CROSS-REFERENCE TO RELATED APPLICATIONS AND PRIORITY
[001] The present application does not claim priority from any patent application.
TECHNICAL FIELD
[002] The present disclosure in general relates to the field of Wireless transfer. More particularly, the present subject matter relates to a system and a method for resisting interference during a wireless transfer.
BACKGROUND
[003] Nowadays, modern wireless power and data transfer systems in applications such as medical implant, cochlear implant predominantly operate in the high frequency (HF) ISM bands. Further, the wireless systems generally use one or other unlicensed ISM band allocated for different geographies and with different regulatory requirements. Typically, the data rate is also directly related to the frequency band of interest, meaning that a higher frequency has better chances of transferring higher amount of data with better integrity. Typically, the wireless systems are prone to interference as some of the ISM bands are spectrally crowded. Further, the crowding varies from geography to geography and local radio deployment conditions.
SUMMARY
[004] Before the present system and a method for resisting interference during a wireless transfer are described, it is to be understood that this application is not limited to a particular system, systems, and methodologies described, as there can be multiple possible embodiments, which are not expressly illustrated in the present disclosures. It is also to be understood that the terminology used in the description is for the purpose of describing the particular implementations, versions, or embodiments only, and is not intended to limit the scope of the present application. This summary is provided to introduce aspects related to a system and a method for resisting interference during a wireless transfer. This summary is not intended to identify essential features of the claimed subject matter nor is it intended for use in determining or limiting the scope of the claimed subject matter.
[005] In one embodiment, a method for resisting interference during a wireless transfer is disclosed. In the embodiment, the method comprises generating, by a feedback circuit, data associated with one or more performance parameter. Upon generating the feedback, the method comprises identifying, by a controller, an interference based on a comparison of the performance parameters and a predefined threshold and generating, by the controller, a command based on the identification. In one example, the command comprises one of a switching command or a maintain command. Further to generating the command, the method comprises generating, by a carrier circuit, one of a second carrier frequencies from the set of carrier frequencies based on the switching command. Subsequently to generating command, the mended comprises tuning, by a resonance circuit, the antenna to the second carrier frequency from an initial carrier frequency, thereby resisting interference in a wireless transfer.

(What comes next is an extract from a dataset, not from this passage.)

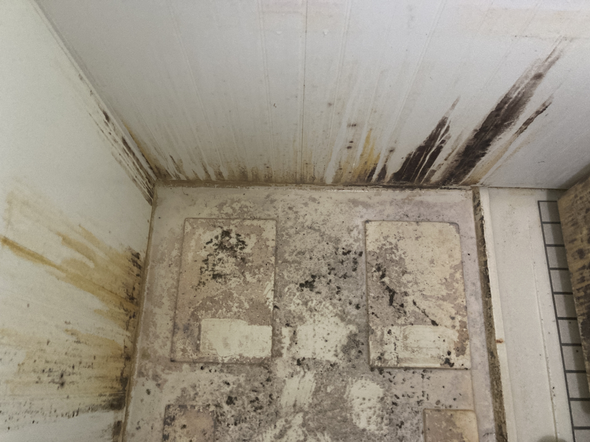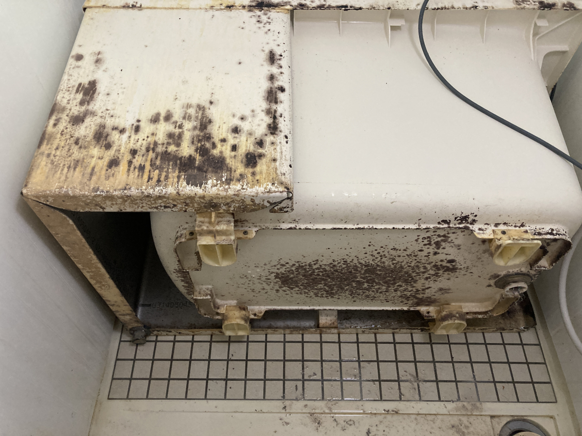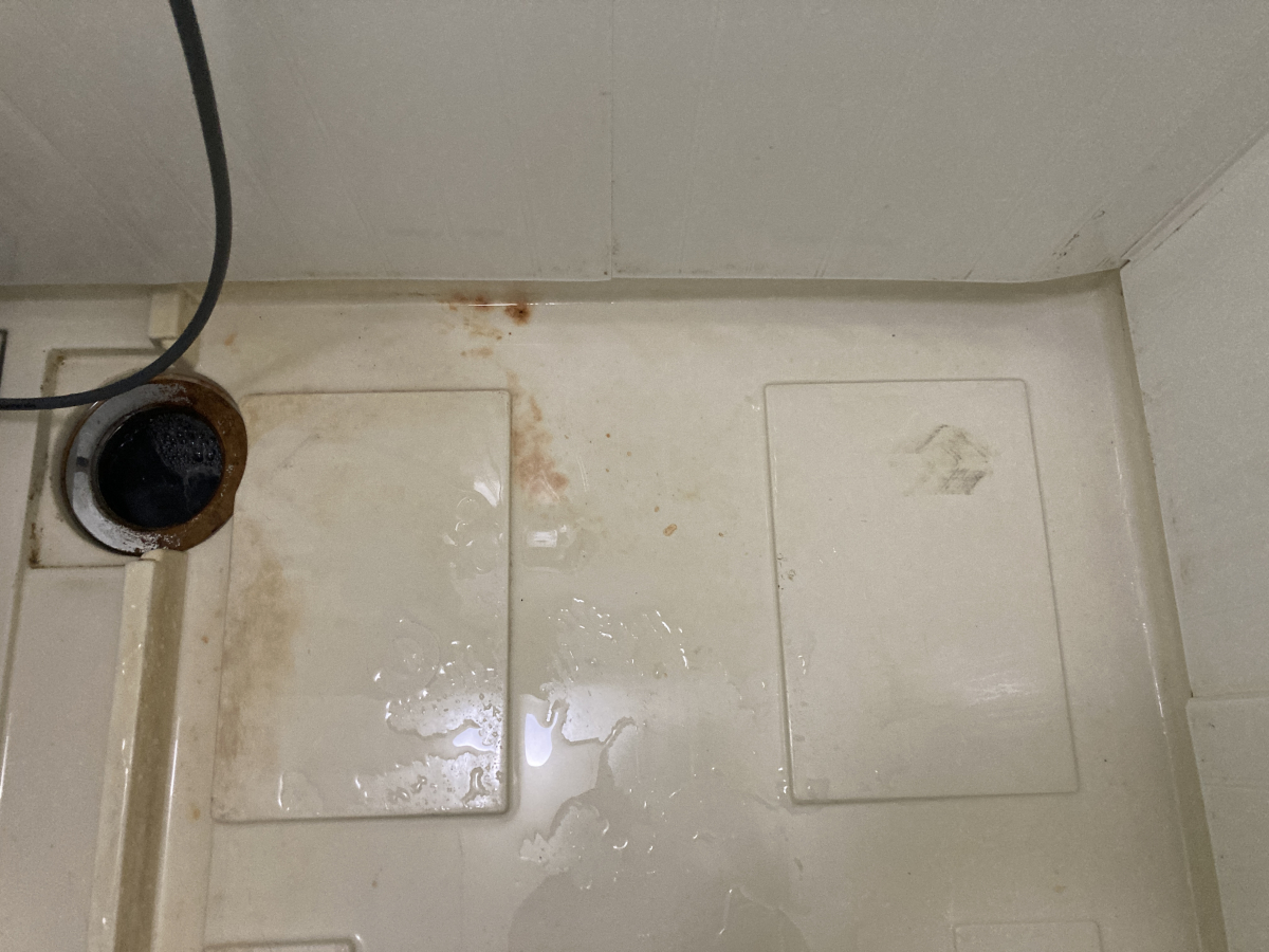 浴室内の壁面にもカビ汚れは付着していましたが、浴槽の裏側や防水パンのような部分は石鹸カス汚れとカビ汚れが大量に積み重なっていました。

[006] In one embodiment, a system for resisting interference during a wireless transfer is disclosed. The system comprises an antenna coil tuned on a carrier frequency from a set of carrier frequencies for wireless transfer and a feedback circuit, and wherein the feedback circuit generates data associated with one or more performance parameters. The system further comprises a controller connected to the feedback circuit. In one example, the controller identifies an interference in the wireless transfer based on a comparison of the performance parameters and a predefined threshold; and generates a command based on the identification, and wherein the command comprises one of a switching command or a maintain command. The system further comprises a carrier circuit connected to the controller, and wherein the carrier circuit generates one of a second carrier frequencies from the set of carrier frequencies based on the switching command. The system furthermore comprises a resonance circuit connected to a carrier circuit, wherein the resonance circuit tunes the antenna to the second carrier frequency, thereby resisting interference in a wireless transfer.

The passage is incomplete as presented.